About this task: The output is the lines below from the one with "After the divorce, my" through the one with "搭载水刺无纺工艺,质地稳定不", both included, printed exactly and with no other line.
--- START ---
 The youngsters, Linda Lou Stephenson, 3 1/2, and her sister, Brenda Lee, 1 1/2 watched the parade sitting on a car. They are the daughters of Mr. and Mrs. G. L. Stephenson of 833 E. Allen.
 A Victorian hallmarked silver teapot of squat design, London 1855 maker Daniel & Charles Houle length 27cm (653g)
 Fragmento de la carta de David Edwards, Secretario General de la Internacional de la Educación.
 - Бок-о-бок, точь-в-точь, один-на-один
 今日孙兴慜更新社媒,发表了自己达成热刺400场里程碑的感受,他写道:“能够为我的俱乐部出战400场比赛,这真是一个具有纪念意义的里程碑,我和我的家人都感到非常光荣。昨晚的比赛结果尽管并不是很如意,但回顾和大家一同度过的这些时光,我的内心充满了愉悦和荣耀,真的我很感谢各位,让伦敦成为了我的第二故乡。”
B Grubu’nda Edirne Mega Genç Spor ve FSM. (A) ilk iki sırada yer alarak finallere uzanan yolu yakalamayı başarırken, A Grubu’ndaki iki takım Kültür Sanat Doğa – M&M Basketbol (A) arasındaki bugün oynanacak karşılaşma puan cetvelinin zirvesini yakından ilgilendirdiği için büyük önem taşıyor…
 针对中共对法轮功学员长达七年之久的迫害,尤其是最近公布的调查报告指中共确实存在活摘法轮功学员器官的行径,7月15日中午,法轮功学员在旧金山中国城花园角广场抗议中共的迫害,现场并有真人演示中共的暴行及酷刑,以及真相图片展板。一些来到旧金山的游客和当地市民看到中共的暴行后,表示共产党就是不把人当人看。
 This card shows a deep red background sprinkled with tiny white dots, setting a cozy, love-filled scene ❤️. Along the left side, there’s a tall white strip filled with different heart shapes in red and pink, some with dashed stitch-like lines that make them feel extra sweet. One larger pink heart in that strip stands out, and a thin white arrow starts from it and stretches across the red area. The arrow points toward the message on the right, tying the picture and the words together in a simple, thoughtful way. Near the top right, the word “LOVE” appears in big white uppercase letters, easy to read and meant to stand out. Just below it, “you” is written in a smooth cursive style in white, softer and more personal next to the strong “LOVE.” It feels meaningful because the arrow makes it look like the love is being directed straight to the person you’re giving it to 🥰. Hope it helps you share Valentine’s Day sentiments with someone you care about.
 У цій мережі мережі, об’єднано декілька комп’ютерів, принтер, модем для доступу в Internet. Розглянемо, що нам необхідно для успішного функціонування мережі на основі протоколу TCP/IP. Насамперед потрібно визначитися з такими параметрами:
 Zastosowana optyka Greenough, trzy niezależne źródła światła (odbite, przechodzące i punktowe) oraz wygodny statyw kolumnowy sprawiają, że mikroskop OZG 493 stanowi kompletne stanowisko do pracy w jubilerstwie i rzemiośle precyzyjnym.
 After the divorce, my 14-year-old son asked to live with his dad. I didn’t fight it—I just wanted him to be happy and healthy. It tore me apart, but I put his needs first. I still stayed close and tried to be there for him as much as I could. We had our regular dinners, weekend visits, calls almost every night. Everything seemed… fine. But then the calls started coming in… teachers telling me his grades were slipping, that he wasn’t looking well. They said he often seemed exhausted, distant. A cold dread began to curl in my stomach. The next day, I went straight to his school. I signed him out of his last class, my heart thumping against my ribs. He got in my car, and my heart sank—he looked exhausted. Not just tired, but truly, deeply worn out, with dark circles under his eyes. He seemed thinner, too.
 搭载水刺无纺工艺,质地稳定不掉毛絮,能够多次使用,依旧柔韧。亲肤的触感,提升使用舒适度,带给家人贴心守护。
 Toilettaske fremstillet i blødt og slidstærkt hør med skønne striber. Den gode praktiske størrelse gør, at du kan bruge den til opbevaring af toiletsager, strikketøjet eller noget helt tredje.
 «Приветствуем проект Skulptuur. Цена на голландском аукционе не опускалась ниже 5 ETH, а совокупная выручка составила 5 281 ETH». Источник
--- END ---
Exercise solution:
 After the divorce, my 14-year-old son asked to live with his dad. I didn’t fight it—I just wanted him to be happy and healthy. It tore me apart, but I put his needs first. I still stayed close and tried to be there for him as much as I could. We had our regular dinners, weekend visits, calls almost every night. Everything seemed… fine. But then the calls started coming in… teachers telling me his grades were slipping, that he wasn’t looking well. They said he often seemed exhausted, distant. A cold dread began to curl in my stomach. The next day, I went straight to his school. I signed him out of his last class, my heart thumping against my ribs. He got in my car, and my heart sank—he looked exhausted. Not just tired, but truly, deeply worn out, with dark circles under his eyes. He seemed thinner, too.
 搭载水刺无纺工艺,质地稳定不掉毛絮,能够多次使用,依旧柔韧。亲肤的触感,提升使用舒适度,带给家人贴心守护。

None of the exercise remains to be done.